O empresário José Célio Dorneles, 53, pisou pela primeira vez em uma universidade aos 42 anos. A entrada tardia no ensino superior foi uma forma de se manter como gestor de uma equipe de vendas, e, para isso, ele emendou uma faculdade e a pós-graduação com foco na área de gestão e representação comercial.
E ele não parou por aí. Dorneles planeja agora ingressar em um curso de engenharia civil. Dessa vez, o objetivo é fazer a própria empresa crescer. “Não sei quando eu vou me aposentar, então tenho que trabalhar e procurar algum curso que esteja na minha área para que eu possa assinar projetos”, explica o empreendedor, que é sócio em uma empresa de Betim, na região metropolitana de Belo Horizonte, que fabrica esquadrias de alumínio para o setor da construção civil.
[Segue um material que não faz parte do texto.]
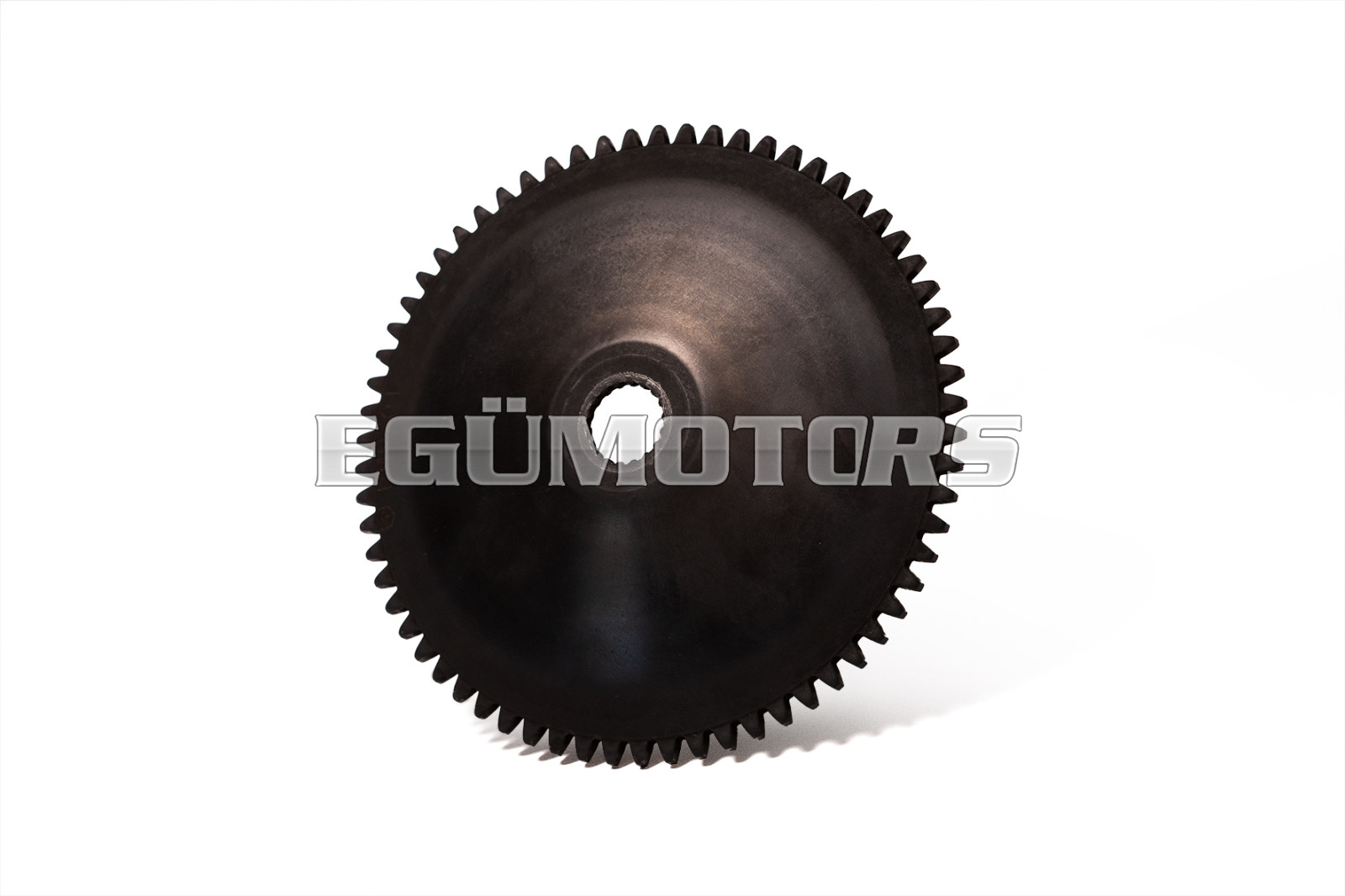 A half pulley with integrated geared teeth on the external diameter designed to engage with an electric start motor.

Melhores condições. Para Ângela Costa, professora universitária da Faculdade Presidente Antônio Carlos (Fupac) de Nova Lima, na região metropolitana da capital, a busca crescente de pessoas que passaram dos 40 anos por um curso superior pode ser explicada por alguns fatores: “Percebo que essas pessoas têm melhores condições financeiras para estudar e também uma melhor capacidade de administrar o próprio tempo”. A satisfação pessoal também pode pesar muito na decisão, como aponta a professora. “Às vezes, a pessoa não teve a oportunidade antes e (o curso superior) se torna uma questão de autoestima”, avalia.
E foi movida pelo desejo de entrar em uma universidade que a aposentada Angélica Duarte, 56, concluiu a faculdade de direito no ano passado. “Na minha juventude, eu trabalhava o dia todo e não achava justo deixar minhas filhas à noite para dar sequência aos estudos”, lembra. Com as filhas criadas, veio a concretização do sonho. “Foi uma realização”, comemora.
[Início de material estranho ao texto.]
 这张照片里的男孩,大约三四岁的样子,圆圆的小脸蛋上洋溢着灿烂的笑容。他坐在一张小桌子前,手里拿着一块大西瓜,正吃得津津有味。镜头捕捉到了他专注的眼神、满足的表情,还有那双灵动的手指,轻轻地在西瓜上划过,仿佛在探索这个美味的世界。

Dificuldade. O ingresso em um curso superior exige determinação e também a capacidade de enfrentar os próprios medos. Angélica Duarte, por exemplo, teve de lidar com o receio de sofrer preconceito por causa da idade: “Eu tinha vergonha de ser mais velha, então eu sentava lá no fundo e ficava quietinha no meu canto. Quando me enturmei, acabou”.
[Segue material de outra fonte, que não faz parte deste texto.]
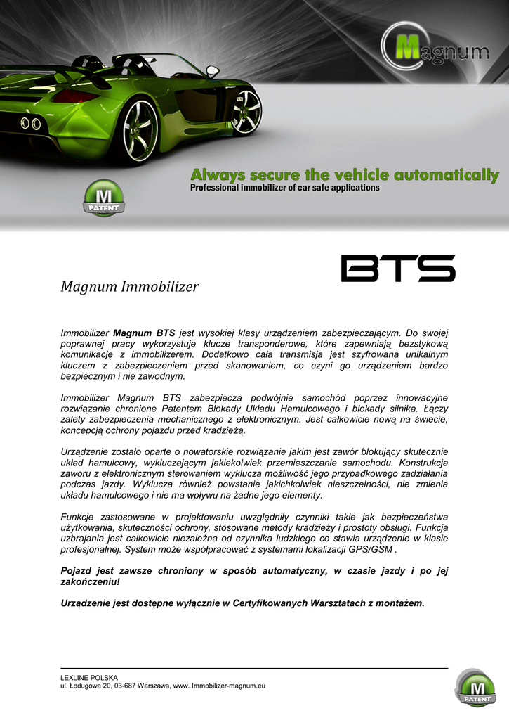 Magnum Immobilizer Immobilizer Magnum BTS jest wysokiej klasy urządzeniem zabezpieczającym. Do swojej poprawnej pracy wykorzystuje klucze transponderowe, które zapewniają bezstykową komunikację z immobilizerem. Dodatkowo cała transmisja jest szyfrowana unikalnym kluczem z zabezpieczeniem przed skanowaniem, co czyni go urządzeniem bardzo bezpiecznym i nie zawodnym. Immobilizer Magnum BTS zabezpiecza podwójnie samochód poprzez innowacyjne rozwiązanie chronione Patentem Blokady Układu Hamulcowego i blokady silnika. Łączy zalety zabezpieczenia mechanicznego z elektronicznym. Jest całkowicie nową na świecie, koncepcją ochrony pojazdu przed kradzieżą. Urządzenie zostało oparte o nowatorskie rozwiązanie jakim jest zawór blokujący skutecznie układ hamulcowy, wykluczającym jakiekolwiek przemieszczanie samochodu. Konstrukcja zaworu z elektronicznym sterowaniem wyklucza możliwość jego przypadkowego zadziałania podczas jazdy. Wyklucza również powstanie jakichkolwiek nieszczelności, nie zmienia układu hamulcowego i nie ma wpływu na żadne jego elementy. Funkcje zastosowane w projektowaniu uwzględniły czynniki takie jak bezpieczeństwa użytkowania, skuteczności ochrony, stosowane metody kradzieży i prostoty obsługi. Funkcja uzbrajania jest całkowicie niezależna od czynnika ludzkiego co stawia urządzenie w klasie profesjonalnej. System może współpracować z systemami lokalizacji GPS/GSM . Pojazd jest zawsze chroniony w sposób automatyczny, w czasie jazdy i po jej zakończeniu! Urządzenie jest dostępne wyłącznie w Certyfikowanych Warsztatach z montażem. LEXLINE POLSKA ul. Łodugowa 20, 03-687 Warszawa, www. Immobilizer-magnum.eu OPIS URZĄDZENIA Magnum BTS jest immobilizerem transponderowym (bezstykowym) pracującym na częstotliwości 125kHz zapewniającym najlepsze funkcje z zakresu zabezpieczenia przed kradzieżą. Immobilizer BTS pomimo prostej konstrukcji posiada wszystkie logiczne funkcje obsługi i autodiagnozy. Magnum BTS posiada o Patentowany Zawór Blokujący Hamulce i blokadę wewnętrzną przekaźnik blokady elektrycznej pracujących na stykach normalnie zwartych (NC). Do obsługi immobilizera służą klucze transpondery w kształcie breloczka (2 sztuki w komplecie). FUNKCJE IMMOBILIZERA możliwość wkodowania 4 kluczy transponderów 1obwód blokady hydraulicznej hamulca 1 obwód blokady elektrycznej w konfiguracji NC 10A 1 linia wejścia włączników masowych (wyprowadzenie immobilizera z trybu uśpienia) 1 linia wejścia załączenia zapłonu (wyprowadzenie immobilizera z trybu uśpienia) Auto uzbrojenie Tryb “serwis” 3 funkcje programowalne KOMPLETACJA URZĄDZENIA: Zdjęcie wszystkich elementów systemu. Centralka immobilizera - 1 sztuka. Zawór hydrauliczny - 1 sztuka. Wiązka główna W14 - 1 sztuka. Wiązki blokady zapłonu - 1 sztuka. Transpondery - w skład urządzenia wchodzą 2 sztuki LEXLINE POLSKA ul. Łodugowa 20, 03-687 Warszawa, www. Immobilizer-magnum.eu FUNKCJE LOGICZNE ROZBROJENIE IMMOBILIZERA – w tym stanie dioda nie miga Następuje poprzez zbliżenie klucza transpondera do anteny odbiorczej w czasie 30 sek. od otwarcia drzwi lub po przekręceniu stacyjki .Po tym czasie system przechodzi w stan uśpienia i oczekuje do ponownego otwarcia drzwi lub przekręcenie stacyjki. Sygnalizacja stanu rozbrojenia: Buzer - 3 krótkie sygnały Dioda przestaje migać (każde zbliżenie klucza transpondera do anteny sygnalizowane jest w stanie rozbrojenia immobilizera dwoma sygnałami buzera). UWAGA: Chwilowe załączenie i wyłączenie zapłonu lub otwarcie drzwi powoduje wyprowadzenie immobilizera z trybu uśpienia na zaprogramowany czas automatyczny, w którym możemy rozbroić immobilizer. Jeżeli w tym czasie nie zbliżymy klucza transpondera do anteny to immobilizer automatycznie przejdzie w tryb “uśpienia” (wyłączenia układu zasilania anteny).Załączenie zapłonu w stanie uzbrojenia powoduje rozłączenie obwodów blokady elektrycznej (zadziałanie przekaźnika). AUTOMATYCZNE UZBROJENIE IMMOBILIZERA – w tym stanie dioda miga szybko Wyłączenie zapłonu i upływie 5 min. powoduje automatyczne uzbrojenie. Otwarcie drzwi skraca czas do 30sek. jeśli zapłon został wcześniej wyłączony lub opcja SZYBKO ustawiona przez instalatora skraca czas do 5 sek. UZBROJENIE IMMOBILIZERA – w tym stanie dioda miga wolno Sygnalizacja przejścia do stanu uzbrojenia : Buzer - 1 długi (3 sek) sygnał. Dioda zaczyna migać wolno w tempie 1Hz Pierwsza zostaje uaktywniona Blokada Elektryczna W drugiej kolejności zostaje zamknięty zawór układu hamulca Blokada Hamulca Użycie hamulca powoduje zablokowanie kół Przykład: Po wyłączeniu silnika samochodu i otwarciu drzwi po 30 sek. system uzbroi się automatycznie. Ponowne uruchomienie silnika wymaga zbliżenia klucza transpondera do anteny. Przypomni nam o tym 1 sygnał akustyczny po przekręceniu kluczyka w pozycję zapłon bez uprzedniego zbliżenia klucza transpondera. Pierwsze użycie hamulca bez rozbrojenia spowoduje zablokowanie systemu hamulcowego. *Dla pełnej ochrony samochodu należy po wyłączeniu silnika przy otwartych drzwiach (ustawiona opcja Szybko) samochodu wcisnąć mocno pedał hamulca. Samochód ma wówczas zablokowany silnik i koła samochodu. Ochronę samochodu zapewnia również pozostawienie samochodu bez wciskania hamulca(nie zabezpiecza przed holowaniem).Jednakże przy ewentualnej próbie ominięcia układu unieruchamiającego silnik lub holowaniu, blokada układu zadziała przy pierwszym hamowaniu, skutecznie unieruchamiając pojazd. Pamiętaj ! W celu odblokowania układu hamulcowego należy w pierwszej kolejności odblokować kluczem tranpondera układ elektroniczny , po sygnale akustycznym uruchomić silnik i nacisnąć pedał hamulca. Hamulec zostanie odblokowany, pedał hamulca stanie się LEXLINE POLSKA ul. Łodugowa 20, 03-687 Warszawa, www. Immobilizer-magnum.eu wyczuwalnie miękki. W przypadku trudności z odblokowaniem należy ponownie

Foco. A professora universitária Ângela Costa orienta que é preciso traçar metas claras, focar o crescimento profissional e organizar a rotina para não desistir no caminho.
Reciclagem garante lugar no mercado
Não se acomodar por já ter uma profissão e continuar em busca de conhecimento pode garantir a permanência no mercado de trabalho depois dos 40 anos. “Para esse profissional manter a empregabilidade, é de extrema importância que ele tenha um curso superior, uma pós-graduação, que ele busque a qualificação constante”, orienta o conselheiro estratégico da Associação Brasileira de Recursos Humanos em Minas Gerais (ABRH-MG), Vinícius Gomes.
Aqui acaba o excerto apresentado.